A CT file format (MFOLD 3.0+ output format) that contains both sequence and structure information, is illustrated below:

First line:  sequence fragment length (L), free energy, sequence name,
Subsequent lines (n-th records):  n (1 thru L), n-th nucleotide, 5'-connecting base index (n-1), 3'-connecting base index (n+1), paired base index, and the n-th base index in the original sequence, i.e. absolute seq. positions (fold start, start+L)

If the value of 5', 3' or paired base index is zero, it means that the nucleotide is not connected or paired with anything.

    314   dG = -98.3     rabbit-RBG-mRNA

1 G 0 2 47 10
2 G 1 3 46 11
3 G 2 4 45 12
4 A 3 5 0 13
5 G 4 6 43 14
: : : : : :

Folding Algorithms

         Folding programs employ two different types of algorithms; the Dynamic Programming Algorithm (DPA) (references)and the Genetic Algorithm (GA)(references).  While both attempt to predict secondary structures of an RNA sequence, they differ in basic concepts used.  The RNA folding algorithms accept sequence files (strings) as input, and output multiple region tables indicating which bases (nucleotides) are paired in a folded structure.  These region tables reflect energetically optimal and suboptimal solutions based on standardized energy rules.

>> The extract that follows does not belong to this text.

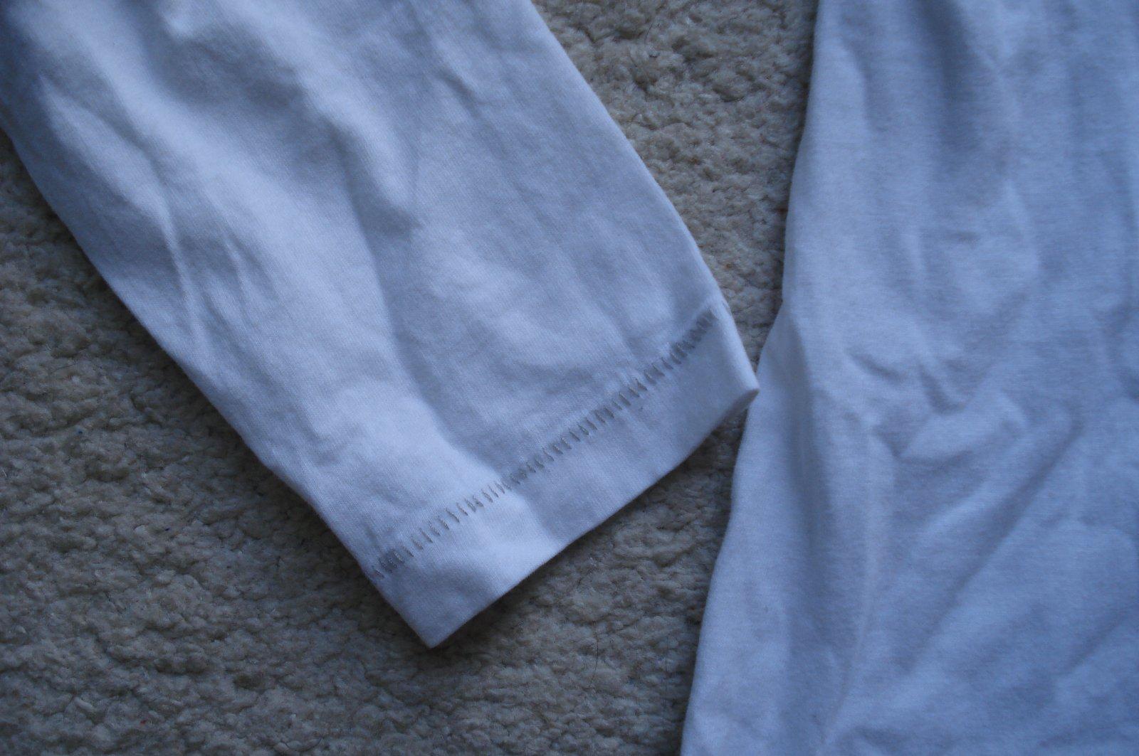 Hezké bavlněné triko bez vad jen vevnitř u krku na šedém proužku je malinká dirka po odstraněné cedulce a jemný prací chloupek...bez fleků atd.Celková délka trika je 58,5 cm,délka rukávu od krku je 67,5 cm.

     Region table representation:

Region
number
Start 
(First 5' 
base)
Stop
(Last 3'
base)
Region size (# of base pairs)  Energy
(kcal/mol)
1) 9 53 4 -4.3
2) 13 48 2 -2.3
3) 16 46 3 -2.0
: : : : :

Structure Representations
2D representation of RNA morphology
Structural representation for a set of RNA molecules can be created based on the region files created by folding programs.  Secondary (2D) structures can also be represented as trees, utilizing Lisp's nested list notation, with symbols such as M (multibranch loop), B (bulge loop), I (internal loop), and H (hairpin loop).  Optional R's present in some representations are no-op place holders indicating regions (hence R) or stems. The tree representation facilitates multiple levels of abstraction of the actual structure allowing for structural comparisons of varying strictness by taxonomy tree clustering, based upon measures of structure similarity.  In addition, multiple alignment methods and structural motifs matching can be employed.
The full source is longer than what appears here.